Global Health often comes with a moral compass. It’s all very interesting work scientifically, and that might keep you going alone, but the real compass that drives most of us who work in global health specifically relates to inequities. Childhood mortality is a huge one. There are others that have to do with differences in education, differences in opportunity, and differences in access, but on a difficult or long day, what keeps you going is the hope that the work we’re doing together with our partners will make a big dent in such inequities. If we can accomplish that it’s all worth it.
When you are able to find something new and report it, either to the Ministry of Health or you publish it in a paper, you get a feeling of satisfaction. I remember when we had our first set of data about typhoid fever in the urban slum of Kibera where we found huge rates of typhoid, which is something that is rare in the United States in the 21st century. At that time in Kibera 1 out of 5 kids have had typhoid fever by the age of ten, which is another example of inequities in the 21st century. We went to present those data to the Ministry of Health and we had a number of very senior ministry of health people jump up and say, “I knew it! I knew typhoid was important, but we haven’t been able to show it. This makes a big difference and we need to focus on this.” When somebody says something like that- and you know it’s not just data for data’s sake- but when you know somebody senior is looking at the data and saying, “we need to act on this,” you get a deep feeling of satisfaction. You get an even deeper feeling of satisfaction once an intervention gets introduced and you start seeing rates of the disease you’re following, or in this case mortality occurring, really drop. That’s the ultimate reward.
Q: How would you describe CHAMPS’ impact beyond child mortality?
CHAMPS is all about working with local people who will ultimately deliver the impact. The people working in the sites have spent their whole careers on issues they face daily, and have much to say both within the network, working in interacting with people at the other sites, but also with us. We’re collaborating with community members to build capacity to work at the highest levels using data, interpreting data, translating it to effective policy, learning how to build political will to address the biggest problems. We’re excited because we think that will have impact on childhood mortality, but helping to develop those skills will also have much broader effects as those skills will be translatable to other problems.

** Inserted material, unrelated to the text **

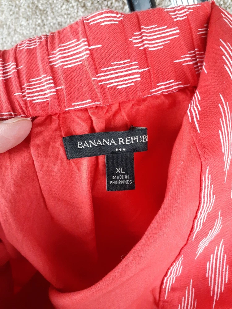 Type: Skirt Skirt Length: Short Occasion: Business, Casual, Party/Cocktail, Travel, Workwear Vintage: No Features: Pockets Size Type: Regular Garment Care: Machine Washable Handmade: No Color: Red Country/Region of Manufacture: China Pattern: Floral Theme: American, City, Classic Size: XL Brand: Banana Republic Department: Women Style: Mini Season: Fall, Spring, Summer, Winter Personalize: No Material: Cotton, Linen

By building capacity you end up with a very skilled workforce that can look at questions, develop ways to approach those questions, interpret the data when the data come in, and translate that into a reasonable set of next steps to have impact. Ultimately we’re hoping that this work will bring us closer to achieving Sustainable Development Goals and dramatically reduce childhood mortality, but we have confidence that the process itself in each of the countries- the lessons being learned and the new tools that people are using- will have much broader reach.